Filistin direnişinden 7 Ekim sabahı çok büyük darbe yiyen ve kara harekâtında ağır kayıplar veren İsrail, intikam amacıyla sadece Gazze Şeridi’ndeki masum sivilleri hava saldırılarıyla katletmekle yetinmeyerek Batı Şeria’da da Filistinlilere yönelik baskı ve işkencelerini artırdı.
Savaşın başından bu yana Batı Şeria’da onlarca Filistinli şehit oldu ve direniş yanlısı çok sayıda kişi işgal güçleri tarafından gözaltına alındı.
İsrail İç Güvenlik Bakanı Itamar Ben-Gvir tarafından silahlanmaya teşvik edilen Yahudi yerleşimciler, Filistinlilerin yaşadığı köylerde ve kentlerde terör estiriyorlar.

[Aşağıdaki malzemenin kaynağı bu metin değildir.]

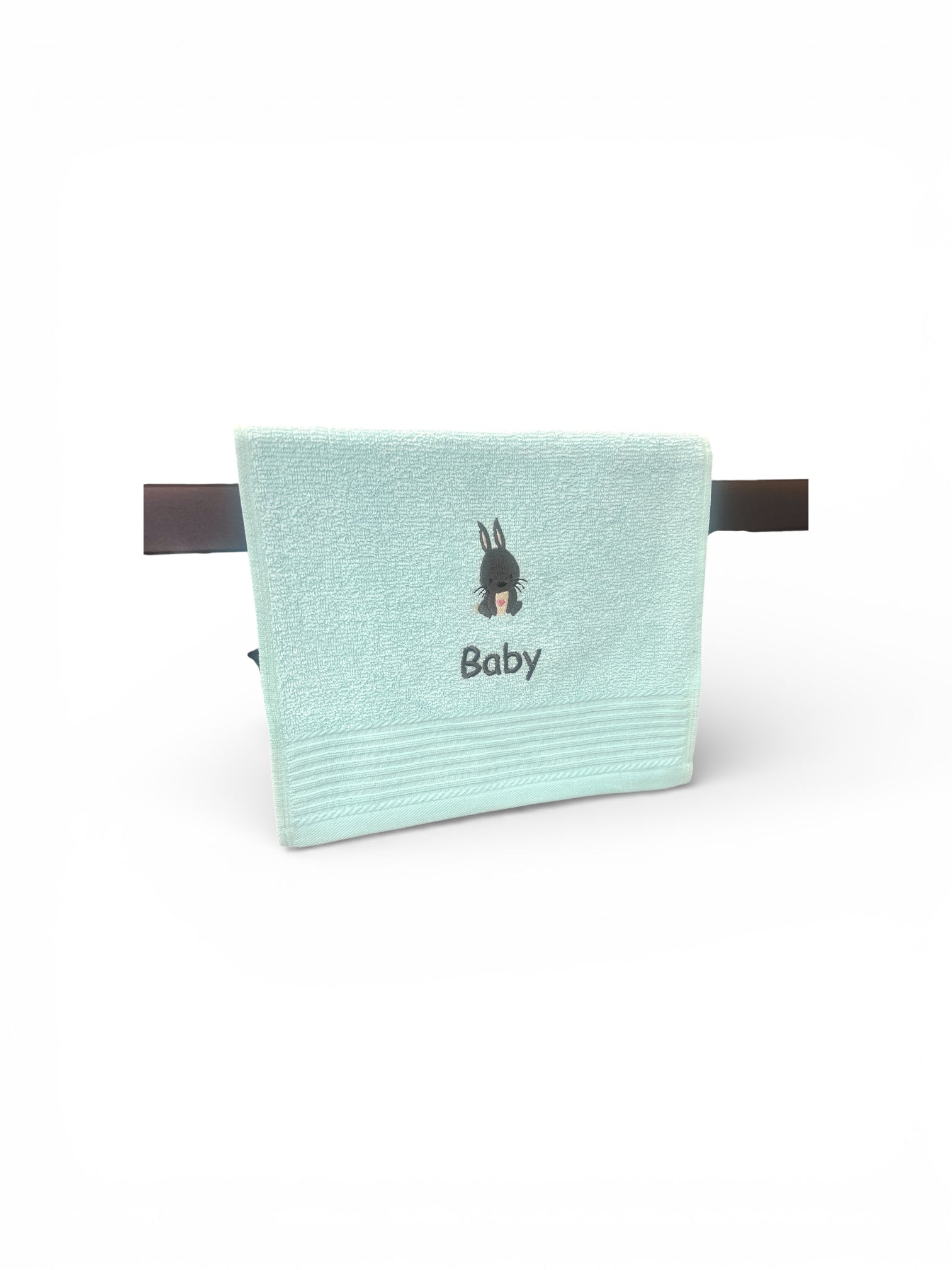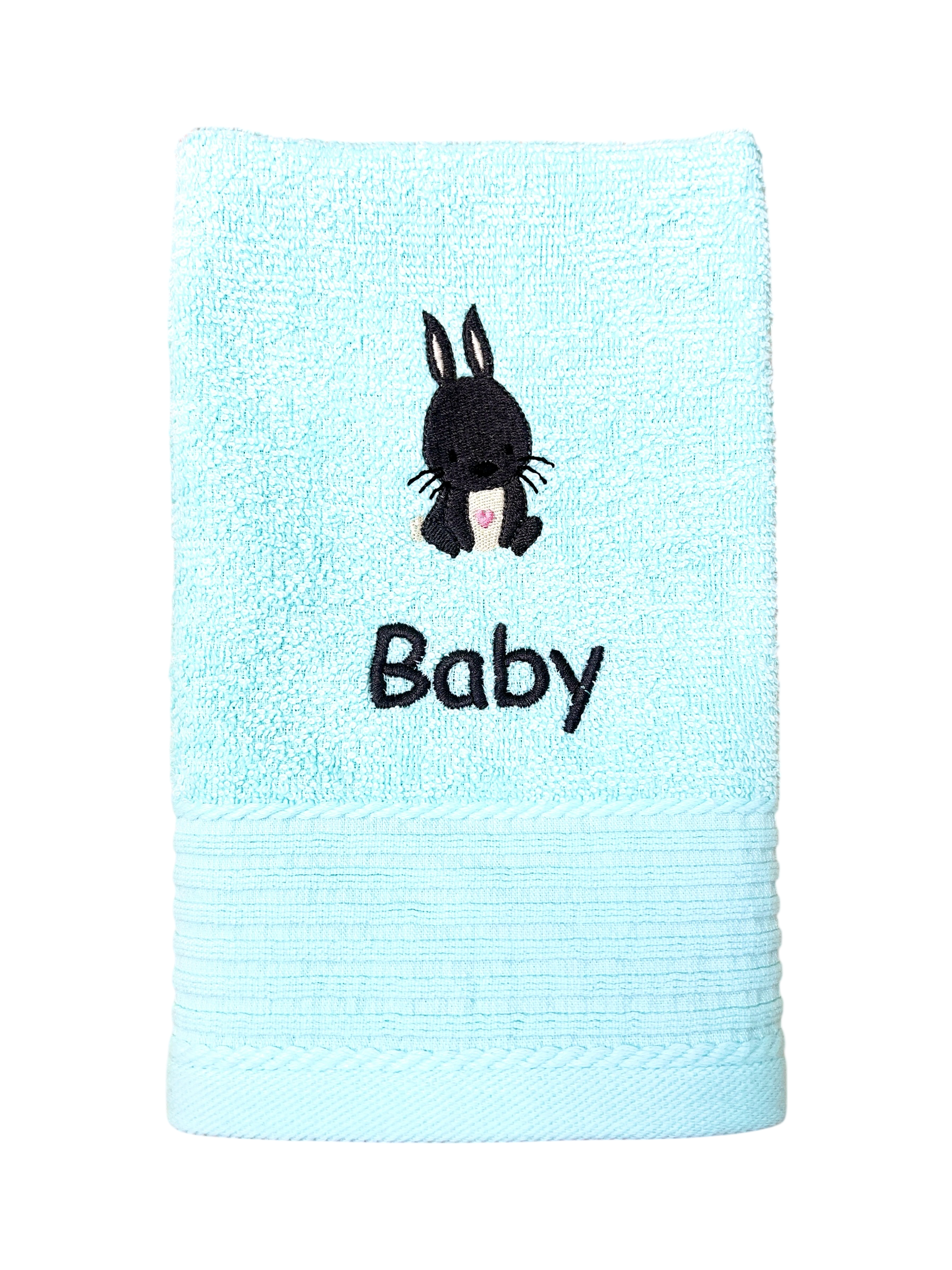Dieses flauschig weiche Handtuch in 30x50 cm besticken wir mit einem süßen Hasen und einem gewünschten Namen.
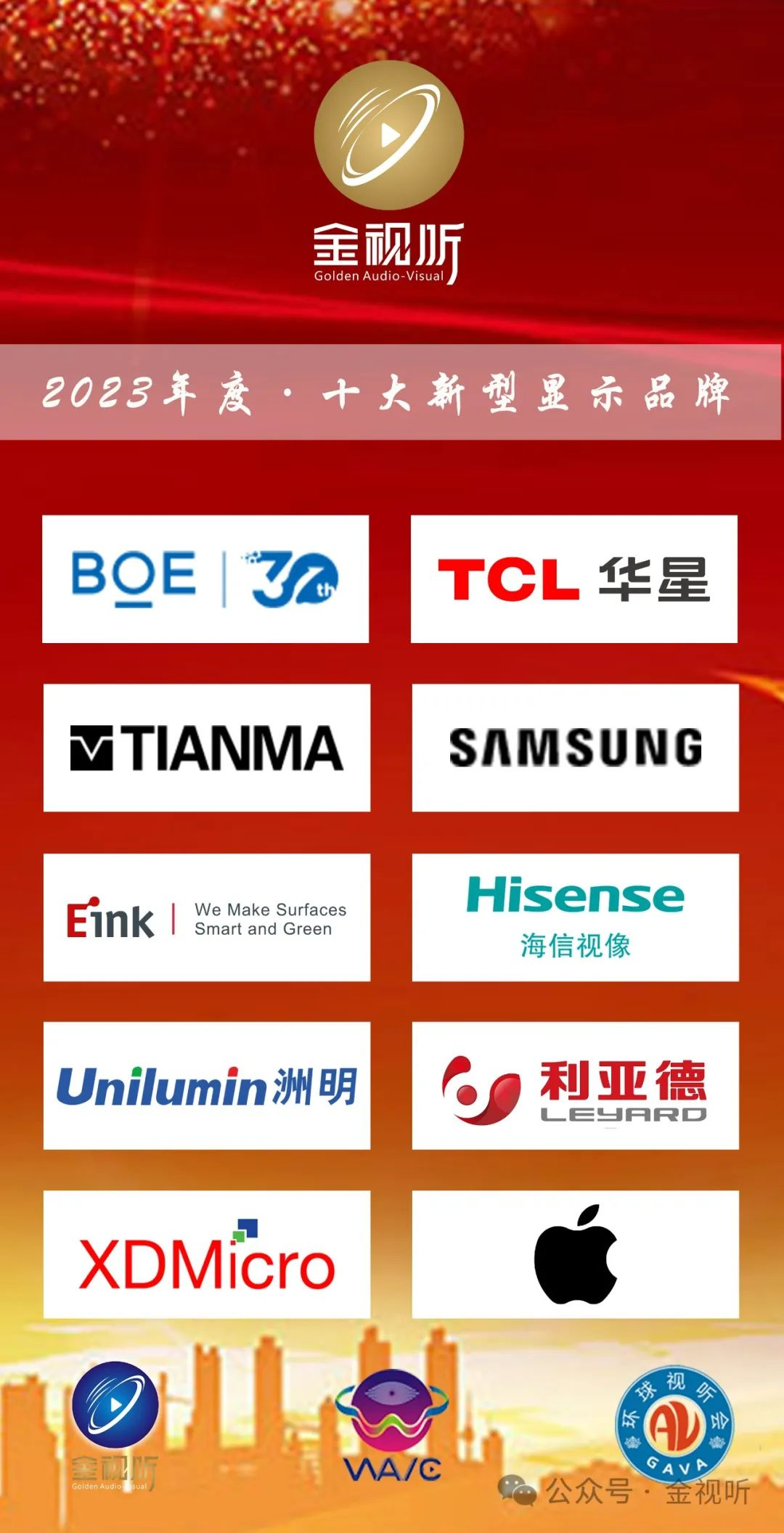 GAV品牌榮耀 | “2023年度金視聽·十大新型顯示品牌”開榜
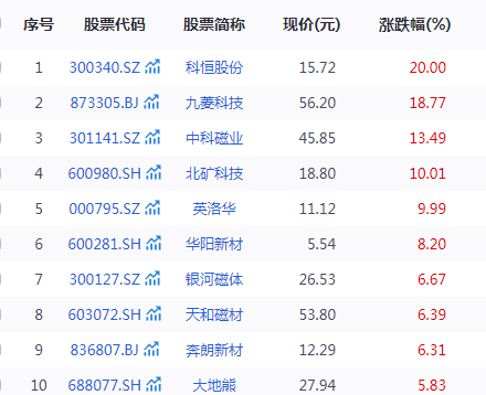 6月9日,市场全天震荡走高,稀土永磁板块涨幅居前。截至收盘,科恒股份(300340.SZ)涨20%,中科磁业(301141.SZ)涨13.49%,北矿科技(600980.SH)、英洛华(000795.SZ)涨停。
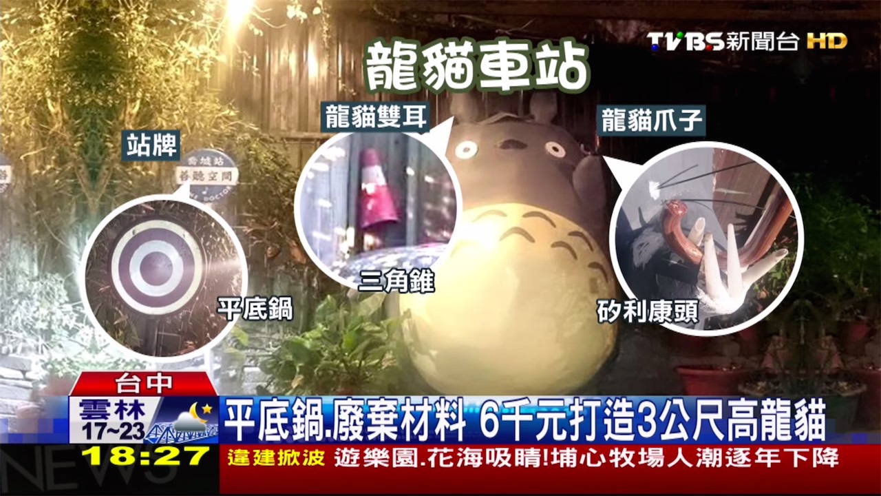設計師林孝勇用了兩個月時間、花了不到六千元就打造了一個三公尺高的龍貓出來。龍貓胖胖的身軀是用平板鋼材一塊塊打造再噴油而成的,再配上「雪糕筒」製的耳朵、玻璃膠咀製成的龍貓爪,可愛龍貓大功告成!旁邊還有用平底鍋製成的車站牌。換言之,整個場景完全是利用裝修的廢棄材料而製成的,十分環保!
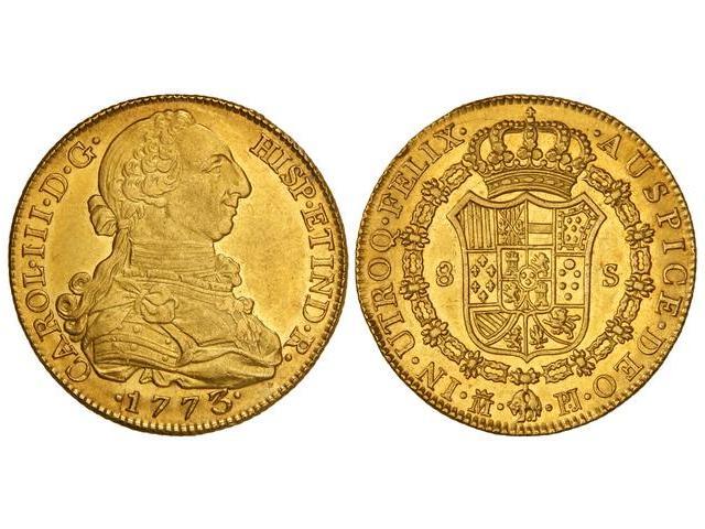 Spanish Monarchy: Charles Iii - 8 Escudos. 1773. MADRID. P.J. Punto entre ensayadores. Brillo original. MUY ESCASA. Cal-53; XC-722 var. SC.
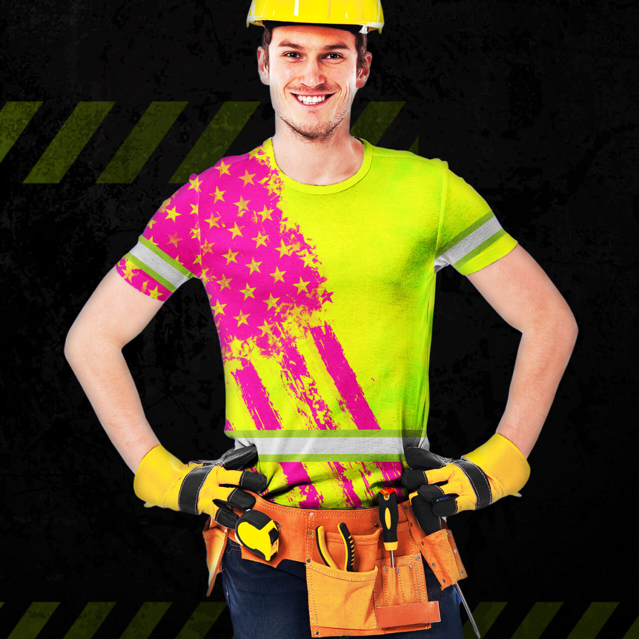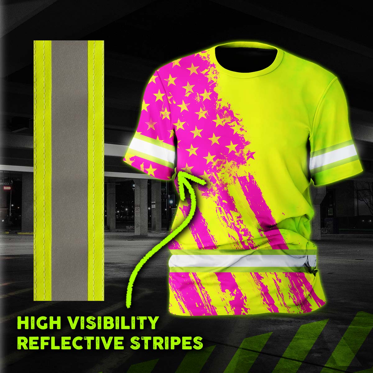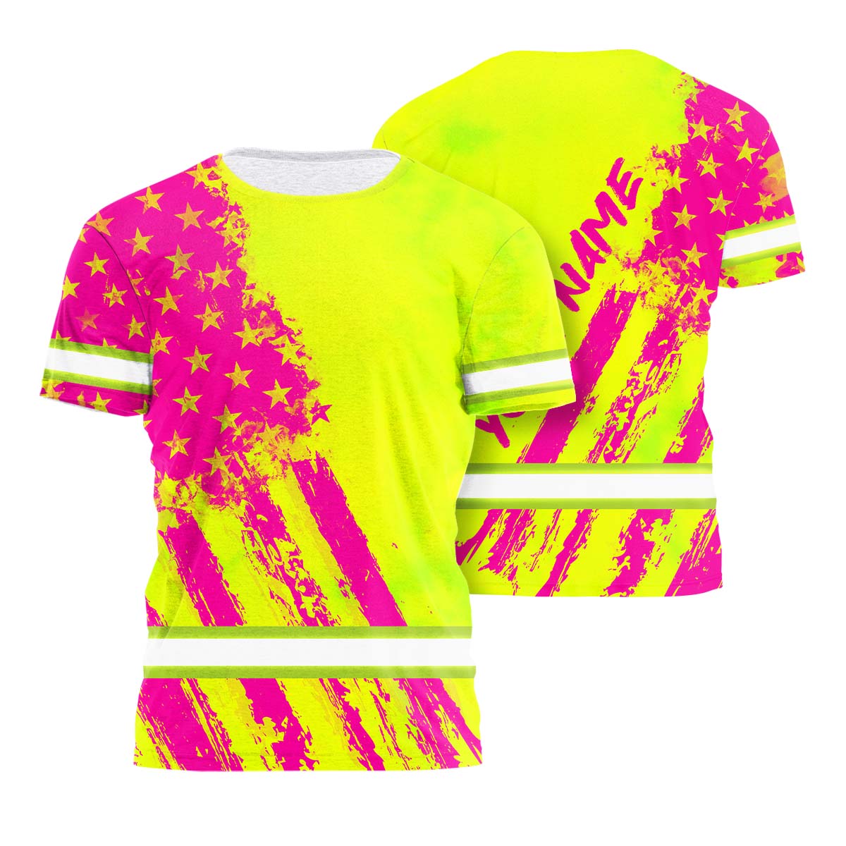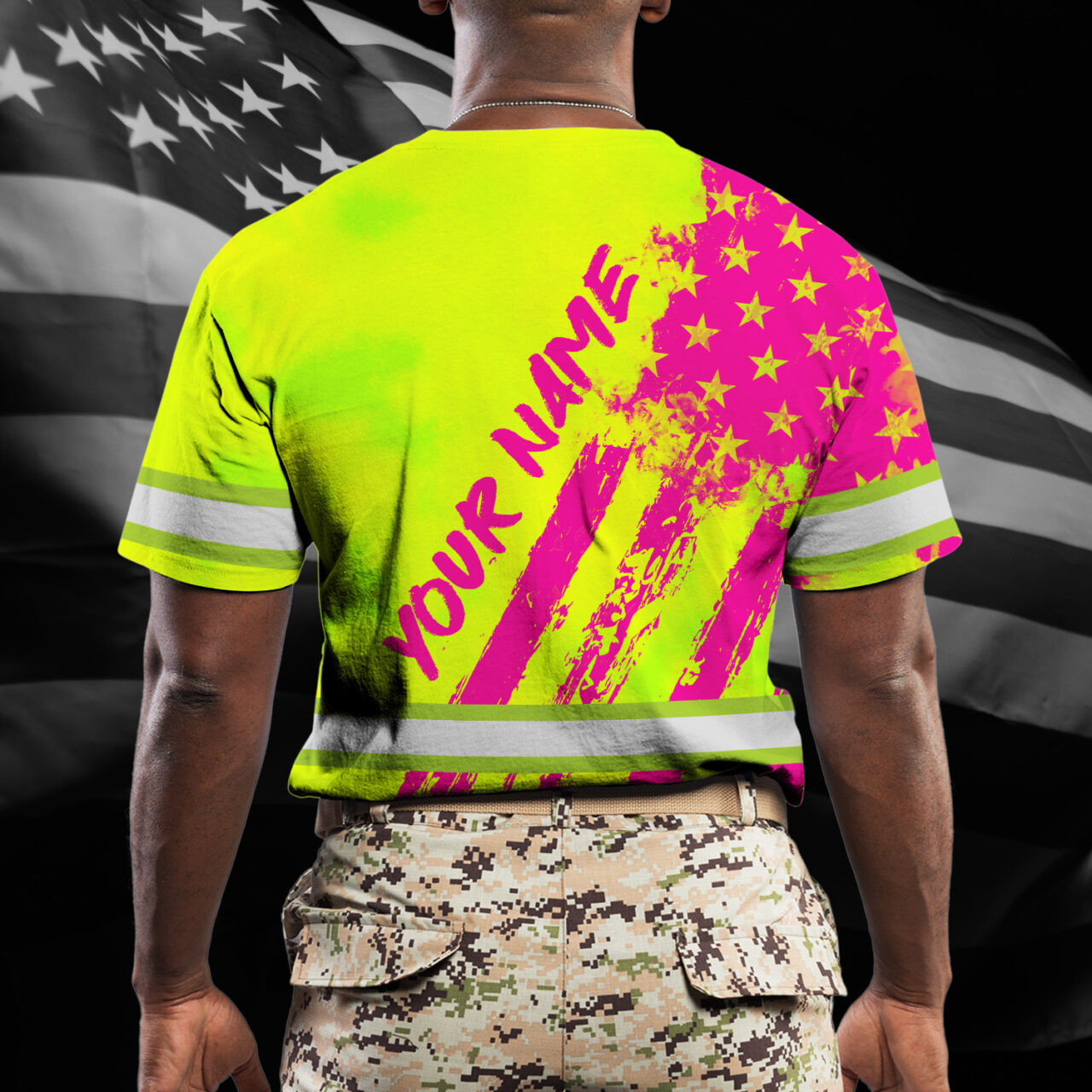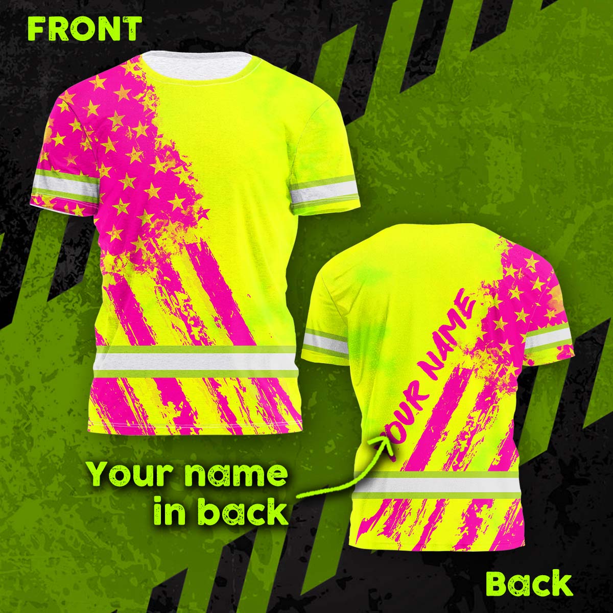 Hi Vis Shirt Reflective Tapes Green Neon And Pink US Flag Custom Name
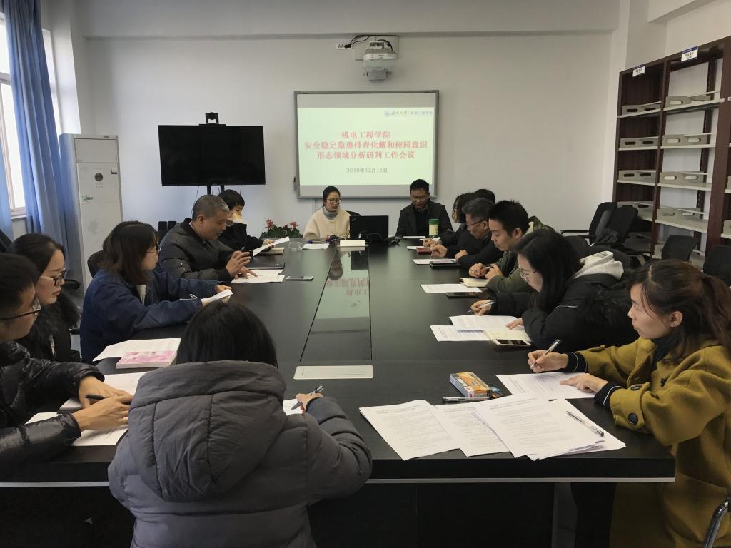 为深入贯彻中央和省委的部署要求,按照学校定期开展高校安全稳定隐患排查化解和校园意识形态领域动态研判工作的制度规定,色情小说 于2018年12月11日在学院6C401会议室召开2018年下半年学院安全稳定和意识形态领域分析研判工作会议。学院党总支书记周荣、副书记李密、各支部书记、系部中心主任及各科室负责人参加了会议。会议由党总支书记周荣主持。
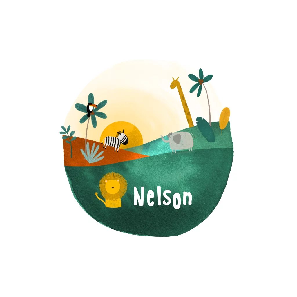 Een geboortekaartje met een waterverf wereld met jungle dieren en goudfolie.

İşgalcilerin intikam amaçlı eylemlerinden İsrail cezaevlerinde tutulan, darbedilen ve hakaretlere maruz kalan; hücre hapsiyle cezalandırılan, gayri insani koşullarda başka cezaevlerine transfer edilen Filistinli esirler de nasiplerini alıyorlar.
En kötüsü de kadın esirlerin yaşadıkları.
İsrail’in 7 Ekim’den sonra Batı Şeria’da gözaltına aldıklarından biri de Filistinli kadın gazeteci Lama Khater.
26 Ekim sabahı El-Halil’deki evine baskın düzenlenerek gözaltına alınan Khater’ın avukatı, İsrailli subayın beş çocuk annesi Filistinli kadın yazara “Yanımda 20 asker var. Sana tecavüz etmek istiyoruz. Çocuklarını gözaltına alıp yakmak istiyoruz. Siz savaş esirisiniz. Size istediğimizi yaparız” dediğini aktarıyor.
Batı Şeria sokaklarında İsrail askerlerinin Filistinli genç kızları üst araması bahanesiyle taciz ettiklerini gösteren ve vicdan sahibi herkesi kahreden videolar var.
İşgal altındaki Filistin topraklarından “Vâ Mu’tasımâh!” (Neredesin ey Mu’tasım) sesleri yükseliyor ama ne yazık ki Mu’tasım yok.
Bugün Afyon vilayeti sınırları içinde bulunan, eski adıyla Amuriye şehrinin Rum valisi esir aldığı Müslüman bir kadını eziyet ve hakaret ederek sürükleyip götürürken kadın “Vâ Mu’tasımâh!” diye bağırır.
Rum vali, “Mu’tasım şimdi beyaz atlı ordularıyla gelir, seni kurtarır” diyerek kadınla alay eder.
Bu haber Bağdat’a ulaşınca Abbasi Halifesi Mu’tasım Billah derhâl harekete geçer, büyük bir ordu hazırlayarak Amuriye’ye yürür, şehri fetheder ve kadını kurtarır.
Günümüzde dünyanın çeşitli bölgelerinde zulme uğrayan ve “Vâ Mu’tasımâh!” diye haykıran o kadar çok Müslüman kadın var ki Mu’tasım Billah gelse hangi birinin yardımına koşacağını şaşırır.
Sütçü İmam örneğinde olduğu gibi Müslüman kadının iffetini ve namusunu korumak için savaşmanın tarihimizde birçok örneği var.
Müslümanlar bugün Filistin başta olmak üzere dünyanın birçok yerinde kardeşlerine sahip çıkamıyorlarsa bunun başlıca sebebi, bölük pörçük bir hâlde ve halk iradesini temsil etmeyen diktatör rejimler tarafından yönetiliyor olmalarıdır.
Onun için Arap Baharı en çok İsrail’i korkuttu ve demokrasiyi dilinden düşürmeyen Batı; Arap halklarının demokrasi mücadelesine değil, diktatörlere destek verdi.
Bugün Mısır’ın başında “Gazze’yi asla yalnızlığa terk etmeyeceğiz” diyen Muhammed Mursi olsaydı Refah Kapısı’nın insani yardım girişine açılması için İsrail’in ve ABD’nin izni gerekir miydi?
İslam ülkelerini Filistin için bir araya getirme düşüncesi kulağa hoş geliyor ancak mevcut rejimlerle bunun mümkün olup olmadığını ve böyle bir girişimden ne kadar sonuç alınabileceğini de görmek gerekiyor.